Transportation – This committee is charged with striving for continued
improvement of all elements of transportation that affect Harlan County’s
residents, businesses, and industries.
Legislative – This committee is charged with monitoring legislative
activities important to Harlan County at the local, regional, state and national
levels and alerting the Chamber to strategy
for action favorable to Harlan County.
Christmas Parade Committee – This committee will be responsible for
planning and managing the Christmas Parade.
Section 3 – Limitation of Authority
No action by any member, committee, division, employee, Director or Officer,
shall be binding upon or constitute an expression of the policy of the Chamber
until it has been approved or ratified by the Board of Directors.
Article VIII– Finances
Section 1 – Deposits
All money paid to the Chamber shall be placed in a general operating fund or
other designated account(s) in such banks, trust companies, or other
depositories as the Board of Directors may select. Funds unused from the
current year’s budget shall be placed in a reserve account or carried over to
the next year.
Section 2 – Disbursement
Upon approval of the budget, the Executive Director is authorized to make
disbursements on accounts and expenses provided for in the budget without
additional approval of the Board of Directors. Disbursements (checks) shall
require the signatures of two (2) of the following: Executive Director,
President, or Treasurer
Section 3 – Fiscal Year
The fiscal year of the Chamber shall be July 1st through June 30th.
Section 4 – Budget
After installation the new Board of Directors and Officers, the
Executive Committee and Executive Director shall prepare a budget for the coming
fiscal year and submit it to the Board of Directors for approval no later than
the month of February.
Section 5 – Annual Audit
A committee shall audit the financial accounts of the Chamber of
Commerce annually. The Board of Directors shall appoint three (3) members of the
Chamber, a least one of whom shall have accounting experience, to conduct the
audit. When deemed necessary and appropriate, the Board of Directors may employ
an outside auditor to conduct such audit. Appointment to the Audit Committee
shall be at the June meeting, with the audit to be completed within 3
months of the end of the fiscal year.
Section 6 – Bonding
A fidelity bond, in an amount set by the Board, shall be purchased to bond the Executive Director and such other Officers and staff as the
Board of Directors designate.
Section 7 - Contracts
The Board of Directors may authorize any officer or officers, agent or their
designees, to enter into any contract or execute and deliver any instrument on
behalf of the Chamber, and such authority may be general or confined to specific
instances. This authority in no way conflicts with the authority of the
President to enter into agreements as set forth under the obligations and duties
of an officer.
Section 8 - Loans
No loans shall be contracted on behalf of the Chamber and no evidence of
indebtedness shall be issued in its name unless authorized by a resolution of
the Board of Directors. Such authority may be general or confined to specific
instances.
Article IX– Dissolution
Section 1 – The Chamber shall use its funds only to accomplish the
objectives and purposes specified in these bylaws and no part of said funds
shall inure, or be distributed, to any member of the Chamber.

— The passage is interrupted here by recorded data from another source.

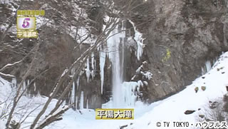高さ64m、幅6m。日本の滝百選にも数えられています。四季折々、豪快に流れ落ちる滝も、厳しい寒さが訪れると氷の芸術に変化。2013年2月15日からは「平湯大滝 結氷まつり」が開催され、鮮やかです。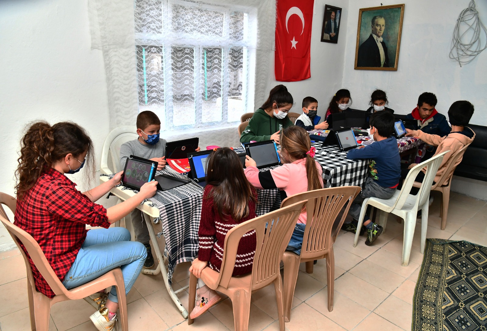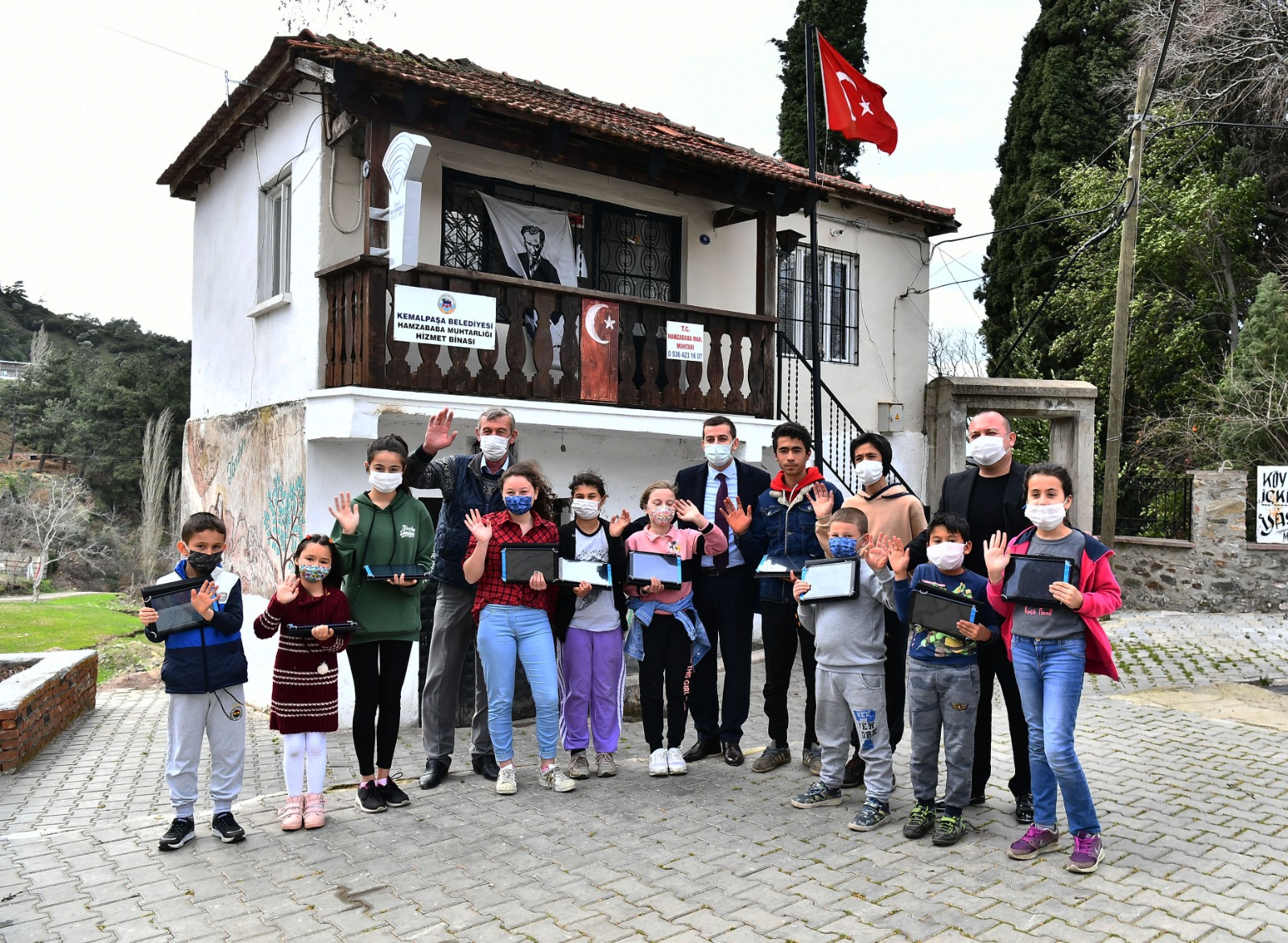 İzmir Büyükşehir Belediyesi'nin uzaktan eğitim sürecinde sıkıntı yaşayan öğrencilere verdiği destek devam ediyor. Büyükşehir Belediyesi evlerinde bilgisayar olmadığı için ebeveynlerinin telefonuyla derslere katılmak zorunda kalan Hamzababa Mahallesi’ndeki öğrencilere tablet dağıttı. EBA’ya ancak yüksek bir tepedeki barakadan bağlanabilen öğrenciler için İzmir Büyükşehir Belediyesi önce köye kablosuz internet hattı çekmişti. Köy kıraathanesi ise düzenlenerek EBA noktasına dönüştürülmüştü.
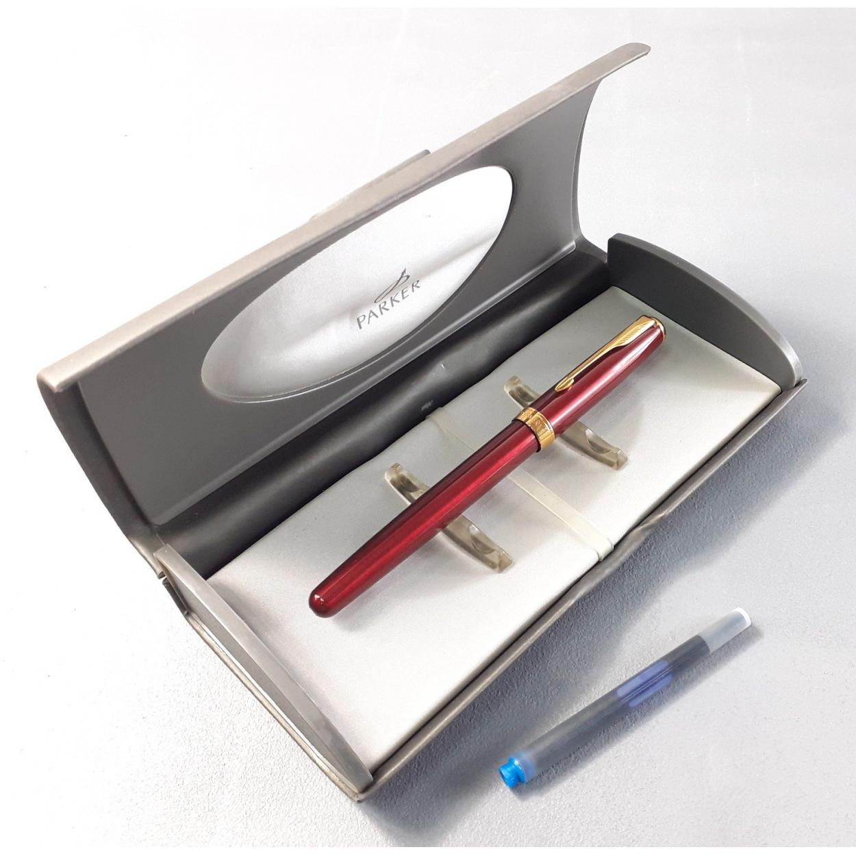 PARKER SONETT RUBY RED 18k gold detailing fountain pen complete with original presentation box and one top-up ink cartridge - pen casing and nib in good condition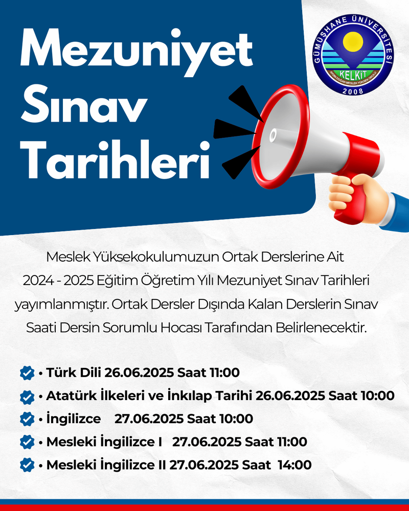 2024 - 2025 Eğitim Öğretim Yılı (Ortak Dersler) Mezuniyet Sınav Tarihleri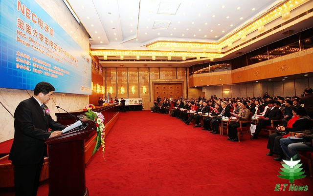 12月5日下午,NEC电子杯2009年全国大学生电子设计竞赛颁奖典礼在人民大会堂隆重举行。在此次竞赛中北理工学生取得了好成绩,孙宁霄、徐晓东、宋维涛三人组成参赛队获得了全国一等奖;胡鸿、孟凡腾、王新宇三人组成的参赛队获得了全国二等奖。竞赛共评出全国一等奖140队,全国二等奖468队,优秀征题奖3人,赛区优秀组织奖6个。我校李晋炬老师荣获优秀征题奖。在颁奖仪式上,教育部领导以及工业和信息化部的领导都对竞赛的成功举办表示祝贺,对该竞赛在国家高校教育改革、新型优秀人才培养方面的积极影响给予了肯定,并希望该竞赛能够再接再厉、越办越好,为中国的教育事业和电子信息产业的发展做出更大的贡献。颁奖会由全国组委会副主任兼秘书长、金年会jinnianhuicom副校长赵显利教授主持。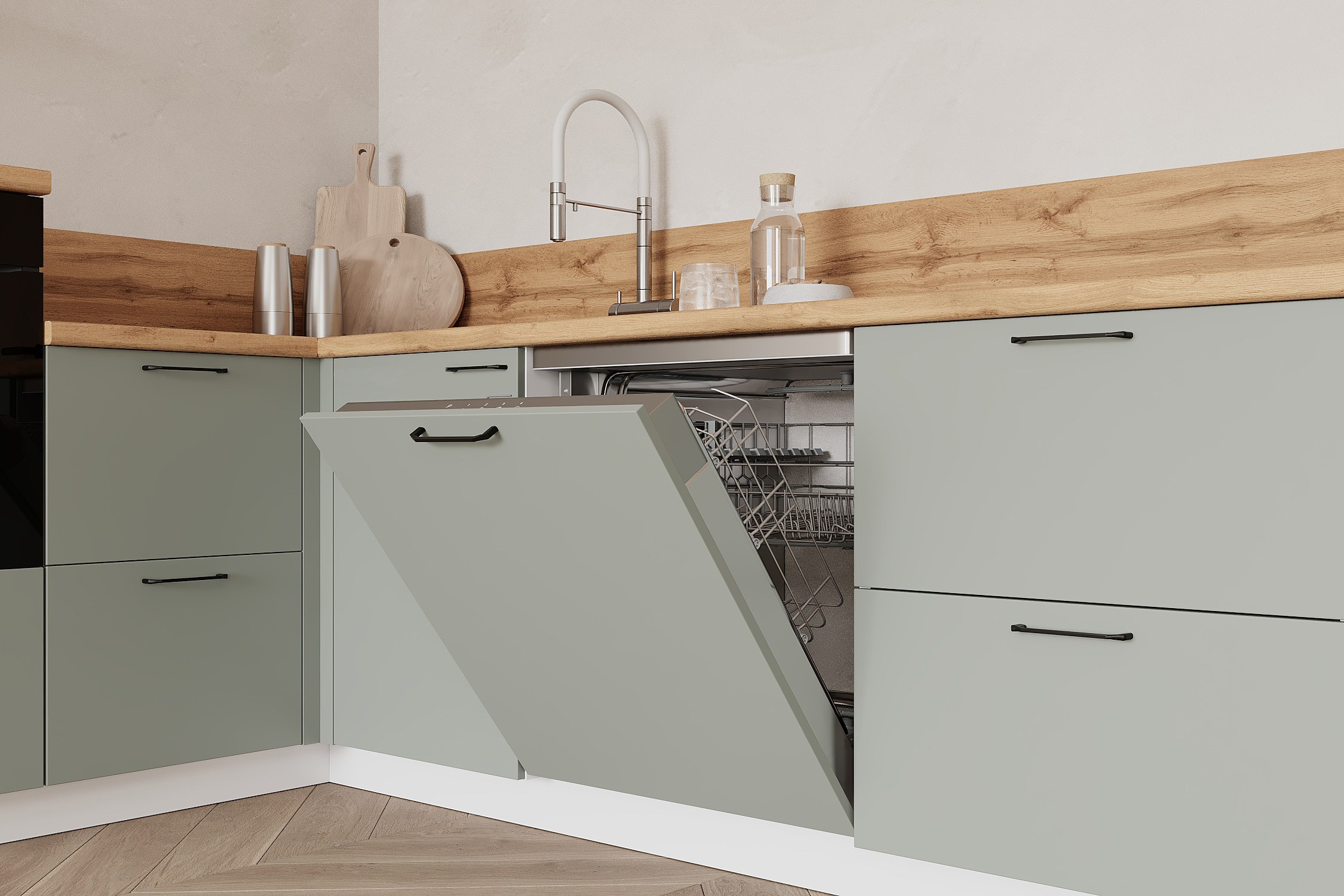 — Цельная столешница: без стыков и зазоров — больше гигиеничности и удобства в уборке.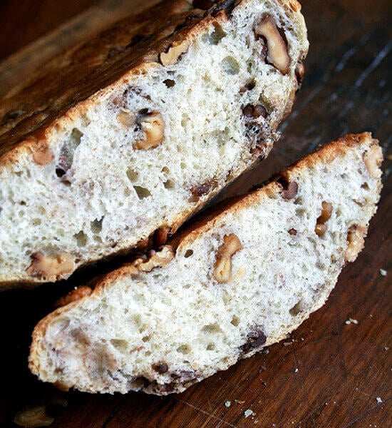 - I really like baking this bread in a preheated Dutch oven. If you don’t have one, you can bake the loaves in buttered pyrex bowls or just free form on a baking sheet, but just know that the crust won’t be thick and crispy. Also, I prefer to make one large loaf versus splitting the dough in half — I just think it bakes better and tastes better — but if you don’t have a straight-sided Dutch oven, as I do not, this can be a pain. As much of a pain as it is, until I get a proper pan, I will continue to bake it in this Dutch oven even though it means I have to crush it a little bit when I remove it.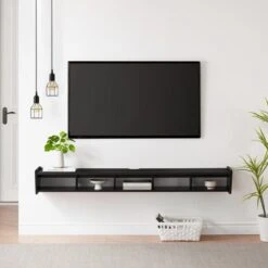 Modern Minimalist Floating TV Stand For TVs Up To 70″ With Open Storage – Saracina Home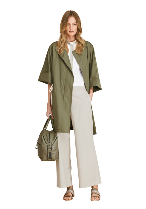 2016 S/S 컬렉션 아이템으로 선보인 트렌치코트는 이번 시즌 메인 컬러인 카키와 함께 웨이스트 라인에 로프 스트링을 더해 보다 편안하고 캐주얼한 룩을 완성한다.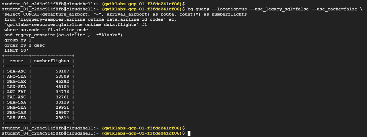 | bq query --location=us --use_legacy_sql=false --use_cache=false \ 'select CONCAT(departure_airport, "-", arrival_airport) as route, count(*) as numberflights from `bigquery-samples.airline_ontime_data.airline_id_codes` ac, `qwiklabs-resources.qlairline_ontime_data.flights` fl where ac.code = fl.airline_code and regexp_contains(ac.airline , r"Alaska") group by 1 order by 2 desc LIMIT 10' |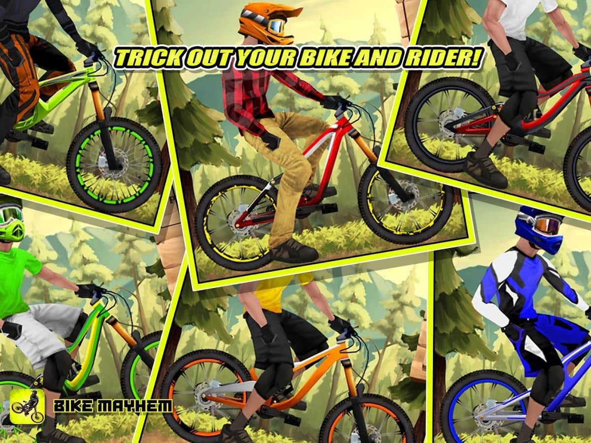 Bike Mayhem Mountain Racing - Сумасшедшие велосипедные гонки с трюками на андроид. Вы будете кататься по горным местностям с трамплинами и выполнять различные трюки. Игра порадует не плохим набором снаряжения, которое вы сможете открыть по ходу прохождения игры. Вас ждет 18 различных горных местностей, среди которых проложено около сотни различных маршрутов для заездов, а также более 80 аксессуаров для вашего байка и велосипеда.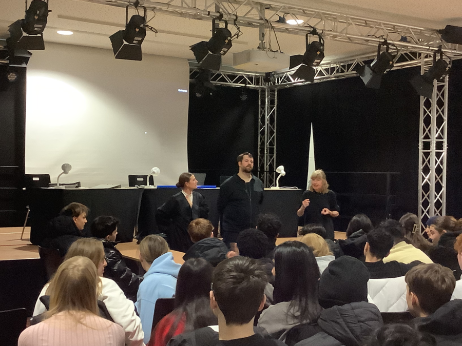 Am 05.12.2024 war das Theater-Ensemble „Exil“ in der HNGe zu Gast und spielte das Stück „Unter Zwang“ in der Aula im B-Gebäude für die Schülerinnen und Schüler des 10. Jahrgangs. Die Schauspieler und Schauspielerinnen Ann-Britta Dohle, Marius Meschede und Lisa Hofmann präsentierten das Stück in zwei Teilen.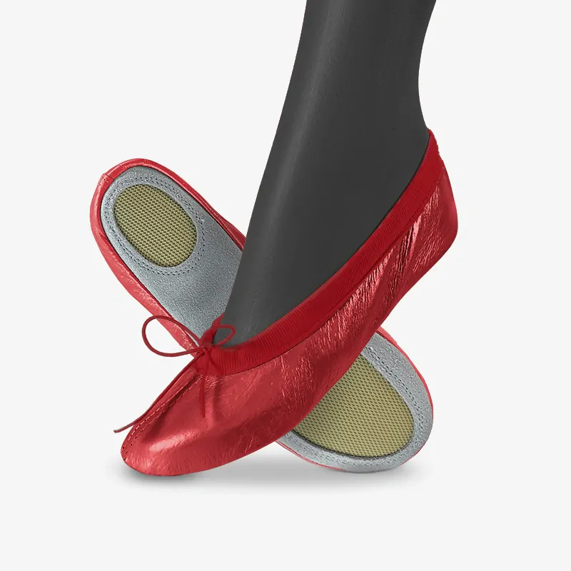 - Sport Grip: Naše cvičky Spirit mají kombinovanou podešev z broušené kůže a protiskluzových oválků, což zajišťuje bezpečný pohyb při sportovních aktivitách a lehký skluz po podlaze.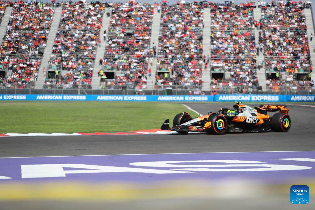 McLaren's British driver Lando Norris competes during the Formula One Mexico Grand Prix at the Hermanos Rodriguez Circuit in Mexico City, Mexico, Oct. 26, 2025. (Xinhua/Li Mengxin)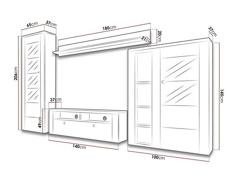 206 x 65 x 37; 145 x 100 x 37 cm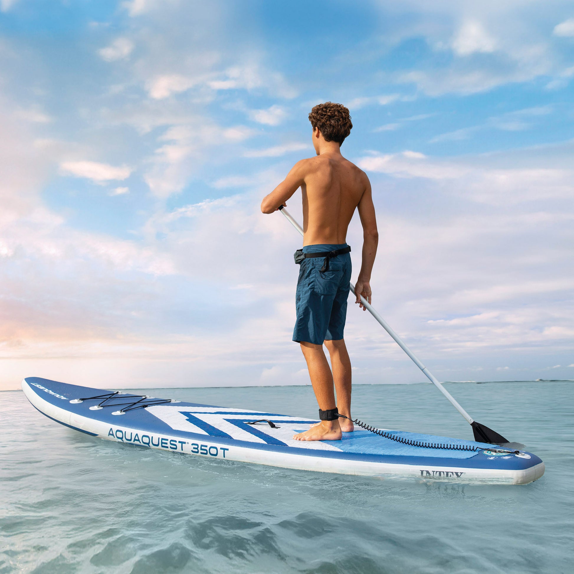 Practicar paddle surf con la AquaQuest 350T no solo es una forma divertida de pasar el tiempo libre, también ayuda a mejorar la condición física y el bienestar general. El SUP trabaja el equilibrio y la fuerza del core, fortalece brazos, piernas y espalda y favorece la coordinación y la motricidad global al combinar postura, remada y control de la tabla. Además, realizar la actividad al aire libre y en contacto con el agua contribuye a reducir el estrés, despejar la mente y fomentar hábitos de vida activos y saludables en familia o con amigos.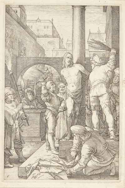 Nicolas Cochin’s “The Flagellation of Christ,” rendered in ink on paper, captures a brutal scene through the meticulous process of engraving. The stark contrast of the black ink against the white paper heightens the drama, each line carefully etched to define form and texture, from the smooth skin of Christ to the rough texture of the stone pillar. Engraving, a laborious process, mirrors the toils and tribulations of the biblical narrative. The artist's hand guides the burin, meticulously cutting lines into a metal plate, which is then inked and printed, leaving impressions on paper. The act of engraving itself becomes a metaphor for the physical and emotional toll depicted in the artwork. The medium and making of the artwork add layers of meaning, emphasizing not only the visual representation but also the tactile experience. The print invites contemplation on the convergence of art, craft, and the enduring power of human expression.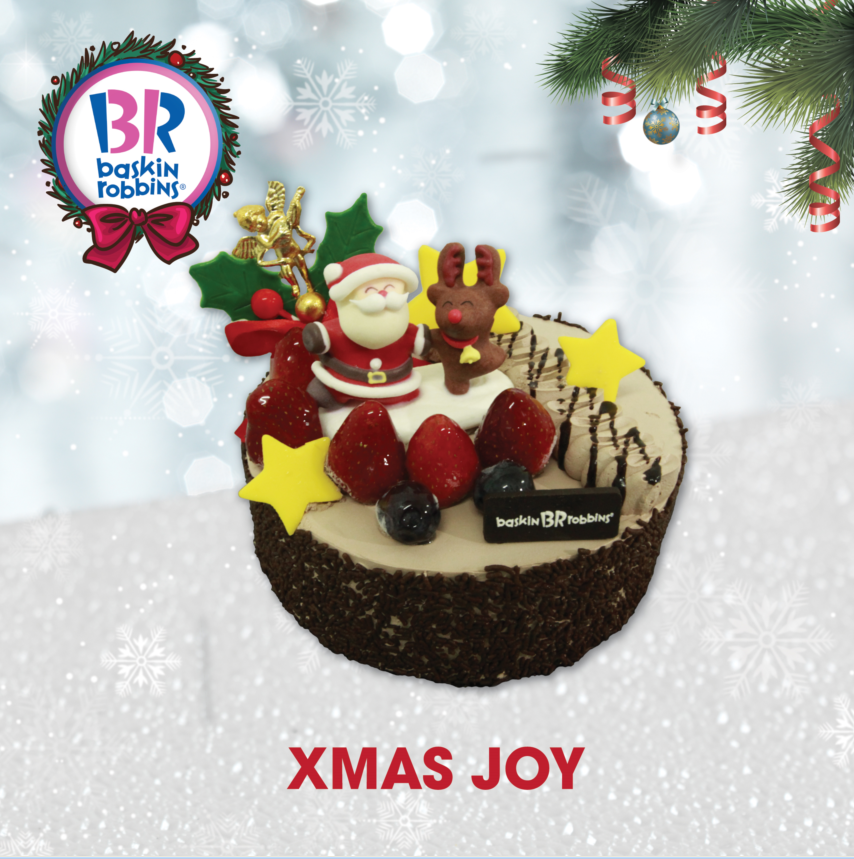 “Xmas Joy” mang đến cảm giác vui nhộn với hình ảnh ông già Noel cùng chú tuần lộc nhảy múa trong không khí se lạnh nhưng lại rất ấm áp vì những tiếng cười giòn tan hòa cùng giai điệu tươi vui của mùa đông. Bạn sẽ thích thú khi thưởng thức chiếc bánh với những quả dâu tươi ngọt ngào hòa quyện với hương thơm cà phê và sô cô la lan tỏa nồng nàn từ mùi kem Jamoca Almond Fudge nổi tiếng nước Mỹ.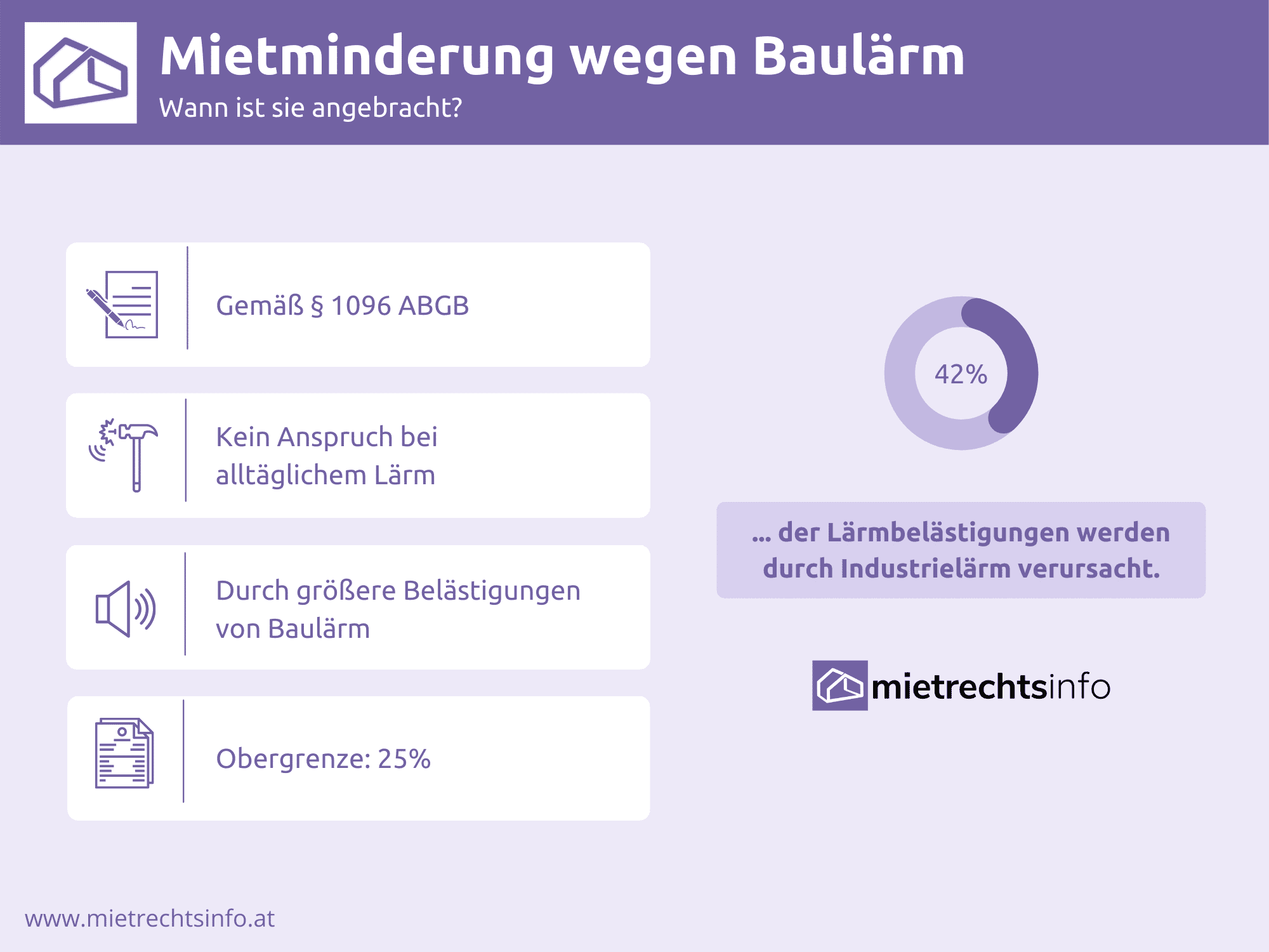 Es ist gesetzlich auch zulässig, bei berechtigten Beeinträchtigungen durch Baulärm einen verminderten Mietzins zu bezahlen. Jedoch geht man dabei das Risiko ein, auf die Bezahlung des vollen Mietzins oder sogar auf eine Räumung wegen Mietrückstand verklagt zu werden, falls sich die Mietminderung als zu hoch erweist. Deshalb ist es zunächst besser, die Miete unter Vorbehalt zu bezahlen und dann nach der Beseitigung des Mangels mit dem Vermieter abzurechnen.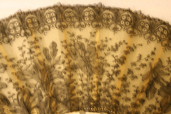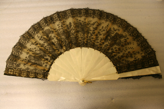 Black lace fan with floral design and plain net backing. Mother of pearl sticks with glass faceted stone pinning sticks together at base and brass handle.

On
dissolution of the Chamber, any funds remaining shall be distributed to one or
more regularly organized and qualified organizations selected by the Board of
Directors and defined in IRS Section 501(c)(3) or 501 (c)(6).
Article X – Amendment
Section 1 - The By-Laws may be amended by a two-thirds (2/3) majority
vote of the general membership attending a regular or special meeting, the
amendment having been published in advance and introduced
at a regular meeting of the membership no less than fourteen (14) days prior.
Article XI – Parliamentary Procedure
Section 1 – Parliamentary authority
The current edition of Robert’s Rules of Order shall be the final source
of authority in all questions of parliamentary procedure when such rules are
consistent with the charter or by-laws of the Chamber.